* Work item *
Write the listing below out again exactly, dropping the images.

___ Data extract ___

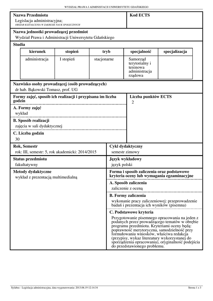 Legislacja administracyjna - Wydział Prawa i Administracji
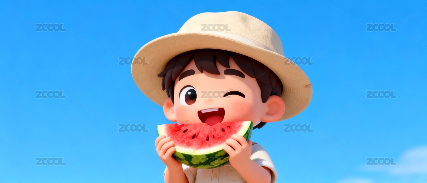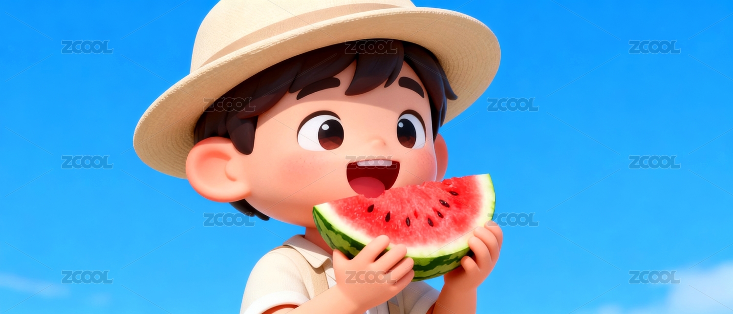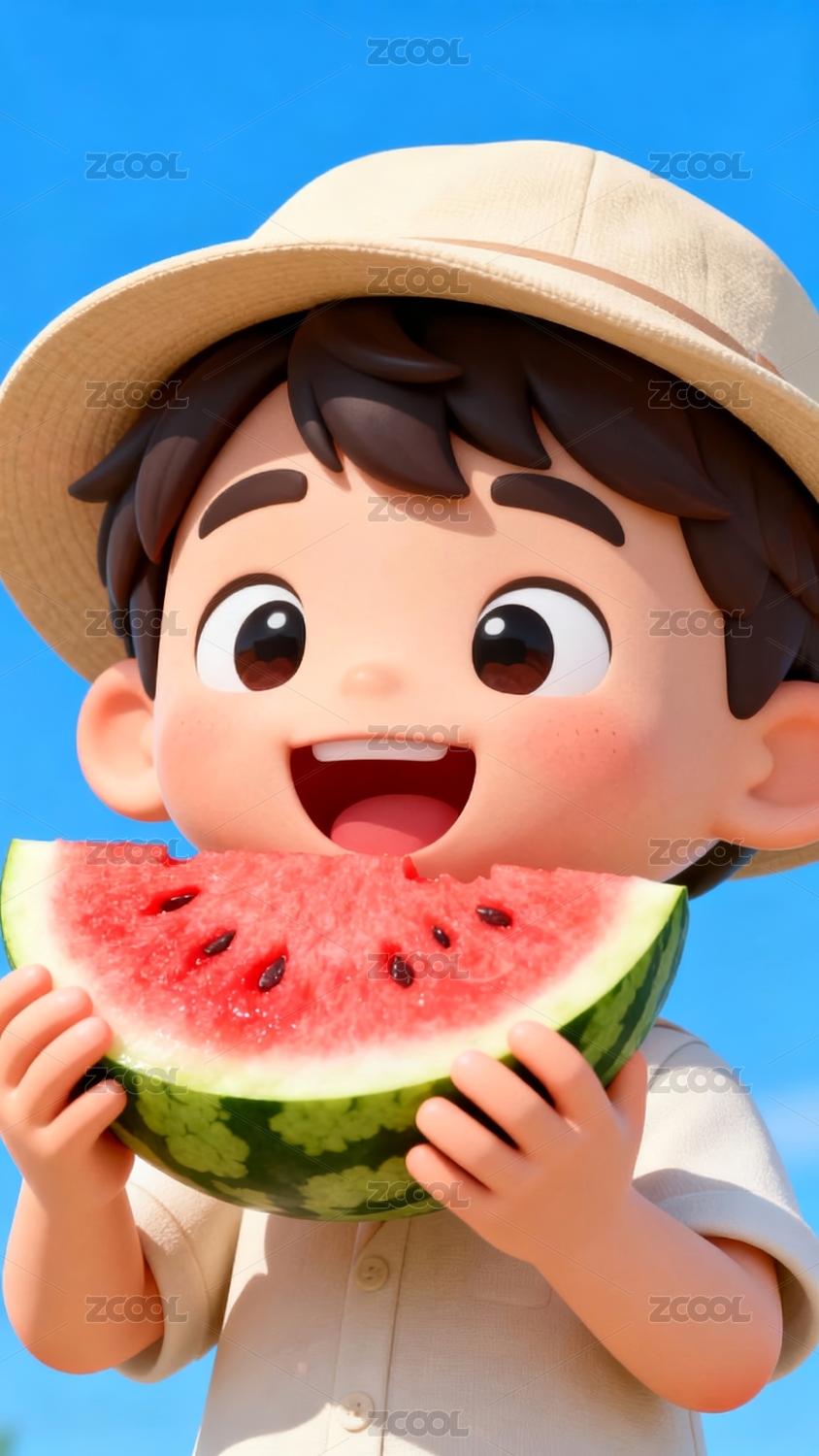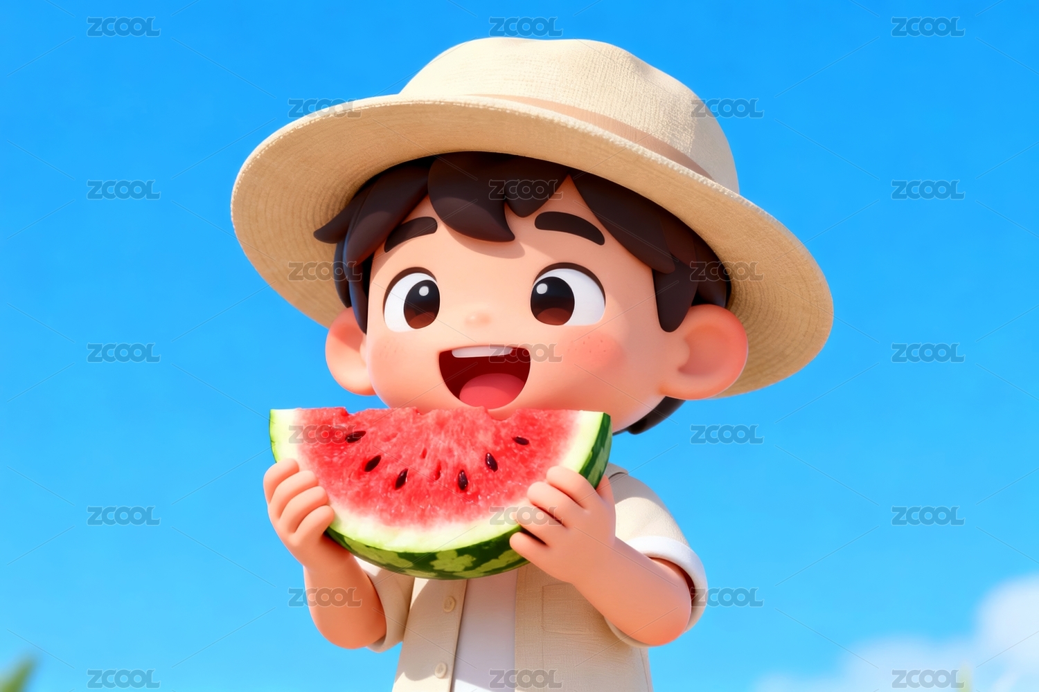 小男孩,西瓜,夏季,水果,开心,笑脸,卡通,儿童,清凉,快乐
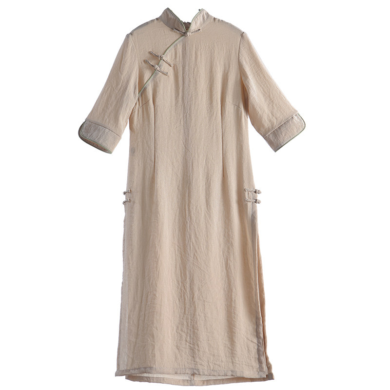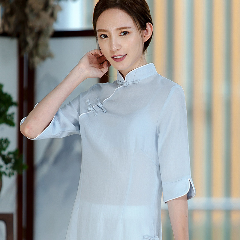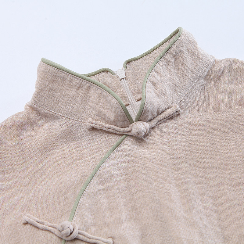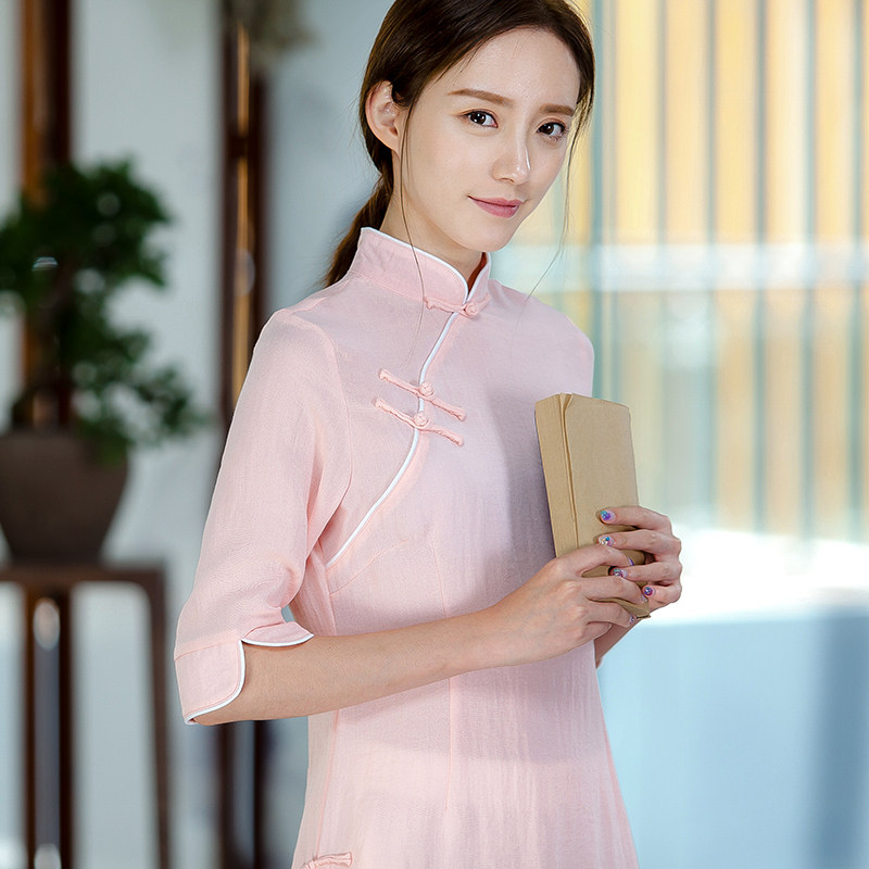 Pick up the leak thin breathable cotton and linen women's summer ethnic style Chan Yi slim-fitting Odai Cheongsam young tea suit suit

___

* Task solution *
 Legislacja administracyjna - Wydział Prawa i Administracji
 小男孩,西瓜,夏季,水果,开心,笑脸,卡通,儿童,清凉,快乐
 Pick up the leak thin breathable cotton and linen women's summer ethnic style Chan Yi slim-fitting Odai Cheongsam young tea suit suit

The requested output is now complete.